17. Lastly, Shri Rastogi submitted that the notification has simplified the procedural law and with regard to that minimised chances of false allegations and litigations and unnecessary expenses of sale deed and made 'impossible talabs' easy and did not add one more procedure along with the Talabs' maintaining them.According to Shri Rastogi, the 'talabs' are no more necessary after the notification in question although according to the appellant Talabs were not necessary even on custom.
18. Shri Lakhpat Raj Mehta, appearing for the respondent, learned counsel seriously controverted the above submissions made by Shri Rastogi.
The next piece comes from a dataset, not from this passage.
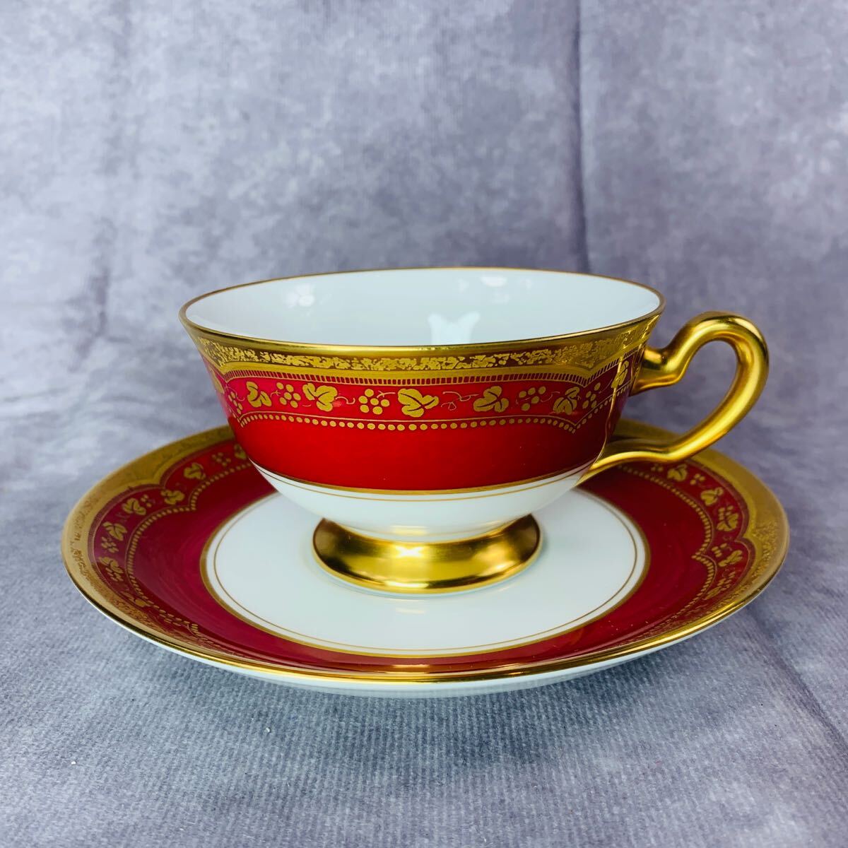 - 美品 大倉陶園 アレキサンドリーヌ カップ&ソーサー ティーカップ 金彩 エンボス 葡萄紋 高級ライン コーヒーカップ レッド 8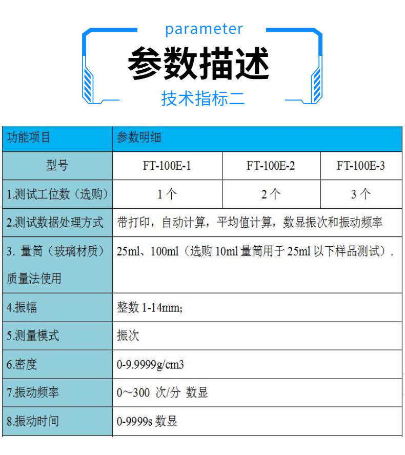 將粉末量筒固定在機械振動裝置上,振動電機帶動機械振動裝置上下振動,裝有粉末的刻度量筒隨機械振動裝置而發生有節拍的振動,隨著振動次數的增加,量筒里的粉末逐漸振實,振動次數到達設定的次數后,機械振動裝置停止振動,讀出刻度試管的體積,根據密度的定義:質量除以體積、從而求出振實后的粉末密度。

According to him, the notification does not contain any express repeal of the customary law already prevalent in Jaipur city, and unless it is found that the clear intendment of notification was to do away with the requirements Talabs', it is not possible to hold on the face of the language of the notification that such requirement became unnecessary after its publication in the gazettes on 15th April, 1927.
19. Shri Mehta then pointed out and referred to the Full Bench decision of this Court in Nathuram v. Pat Ram, 1LR 10 Raj 443 : (AIR I960 Raj 125) about the customary right of pre-emption founded on and co-extensive with Mohammadan Law prevalent in the city of Jaipur.
20. Full Bench in Nathuram's case (supra) observed that under the custom as prevailing in Jaipur City the right of pre-emption is coextensive with the Mohammedan Law. To substantiate such observations, Full Bench referred to the case of Ram Rakh v. Mst. Gulab, ILR (1955) 5 Raj 650 : (AIR 1955 Raj 140) wherein that proposition of law has been accepted. Shri Mehta contended that the same view was taken by this court in Jagannath v. Radhey Shyam, ILR (1960) 10 Raj 75.
21. Shri Mehta then relied upon the observations in Chhaju Ram v. Manulal (4 Jaipur Law Report 134) made by the Chief Court of Former State of Jaipur. Chief Court laid down as under: (Hindi translation reproduced)
(Matter in Hindi omitted -- Ed.)
22. Their Lordships of the Supreme Court in Bhagirath Singh Sakhawat v. Ram Niwas Barit (Civil Appeal No. 254571969 decided on 1-11-1979) had not accepted the view taken by Former Jaipur Chief Court in Mst. Mathura v. Mst. Ramsahu (10 Jaipur Law Reporter 39). In Bhagirath Singh's case (supra) it has been held that the customary law of pre-emption prevalentin the Jaipur City was founded on and was coextensive with Mohammadan Law and Mst. Mathura's case cannot be said to hold the field.
23. Their Lordships of the Supreme Court while dealing with the various sections of Punjab Pre-emption Act, 1913 (Sections 19 and 20 of the said Act are substantially similar to the provisions of the notification in question), in Bishan Singh v. Khajan Singh, AIR 1958 SC 838 observed that Sections 19 and 20 'prescribe the procedure for the exercise of the primary right': The primary right of the pre-emptor according to the Supreme Court's view is the right to the offer of a thing to be sold and it is not identical with the right to the thing itself. According to Shri Mehta, in other words, the primary right is only against the Vendor, while the secondary right which is the right to follow the thing sold without offer to the pre-emptor, in the hands of the purchaser.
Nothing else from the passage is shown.